Urkel is its own database. This is in contrast to earlier authenticated data structures which were typically implemented on top of an existing data store like LevelDB.
The urkel tree is currently used in production for the Handshake protocol.
Features
- Transactions - Fully atomic and transactional API.
- Snapshots - Transactions can also behave as snapshots, pointing to a historical root hash.
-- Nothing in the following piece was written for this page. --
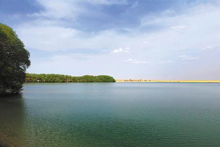 在渥洼池畔舉目遠(yuǎn)眺,在阿爾金山皚皚白雪的映襯下,偌大的渥洼池顯得安靜祥和,廣闊的水域就像一面鏡子,鑲嵌在大漠深處,在陽光的折射下顯得格外深邃而內(nèi)斂。渥洼池畔茂密的灌木林和高大密集的蘆葦蕩,將一汪湖水浸染的泛著黛綠,蘆葦和灌木在湖水滋潤下郁郁蔥蔥,高低錯(cuò)落有致,大有阡陌縱橫之勢。西岸不遠(yuǎn)處,南北迤邐著一座兩公里有余的沙坡頭,猶如一條盤旋的黃龍,亙在湖水的西邊搖頭擺尾,它曾經(jīng)以每年兩至三米的速度,肆無忌憚地向渥洼池水域逼進(jìn)。不過,在陽關(guān)保護(hù)區(qū)的精心培育下,一片密集的蘆葦,已經(jīng)爬到了沙梁頂上,將這條黃龍死死地鎖在原地,動(dòng)彈不得。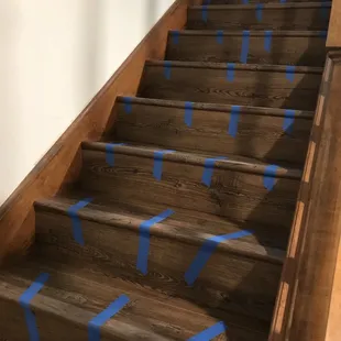 a picture of a staircase with tape on the steps

- Iteration - Full tree iteration¹.
- Compact Proofs - Small proof size, with proof nodes averaging ~34 bytes in size.
- History Independence - Deterministic root hash calculation regardless of insertion/removal order.
- Crash Consistency -
kill -9
'able. - Cross Platform - Runs on Windows XP and up, as well as any POSIX.1-2001 compatible OS.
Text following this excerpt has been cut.